The journals cover two periods near the end of his life, a year and a half in the early 1930s, and a slightly shorter period in 1934 and 1935. These are in a sense travel journals, for Nock was on the move, with repeated trips to Europe as well as extensive travels in the U.S.
The journals begin as the Great Depression deepens. Nock's insights are many and varied. He notes that only American banks had failed: banks in England and Canada remained intact and afloat. He is taken aback at the petty tyrannies of the government's reaction to the depression, and states that "There is nothing like this to breed serf-mindedness, and nothing like serf-mindedness to destroy character." He goes on to speculate "that no people in the Middle Ages ever showed such general and inveterate serf-mindedness as the American people has showed for twenty years, and with so little excuse or reason."

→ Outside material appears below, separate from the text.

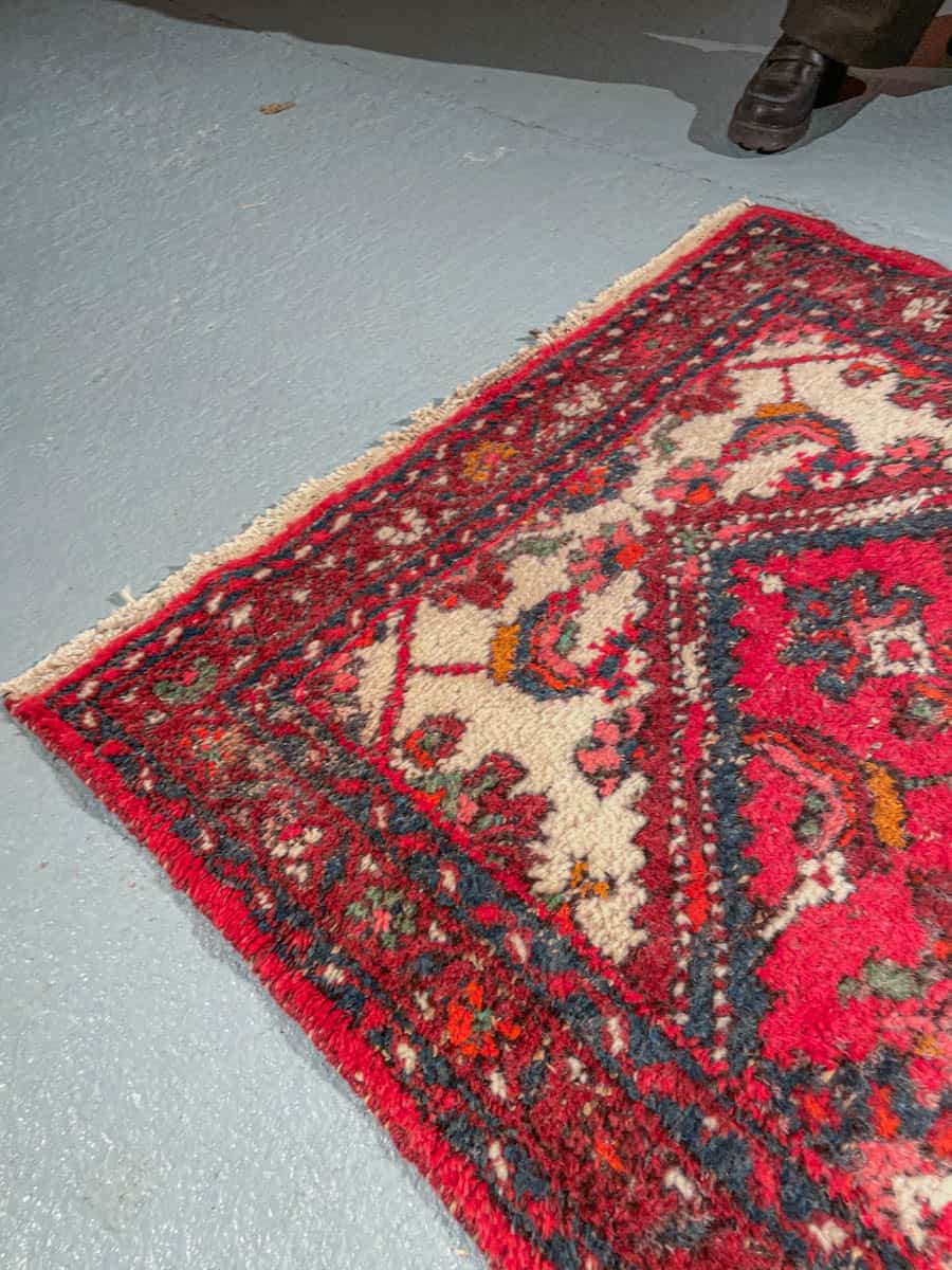 Perinteinen vintage-Hamadan-kylämatto. Klassinen geometrinen kuviointi keskimedaljongilla ja perinteinen väriteema. Käsinsolmittu villasta.

And yet many of his insights run deeper, and seem less despairing. "[M]an is incapable of conducting a satisfactory collective life on any larger than township scale," Nock states. "Neither his collective intelligence nor his collective emotional power will stretch much beyond that.” Not everything good in life rests foursquare upon political government. Society governs itself to an amazing degree.
Nock remains a vital source for us individualists of today, who find our fortunes rising but just a bit. Even as everything seems to teeter on the edge of totalitarianism, just as it did (ominously) in Nock's "forgotten days".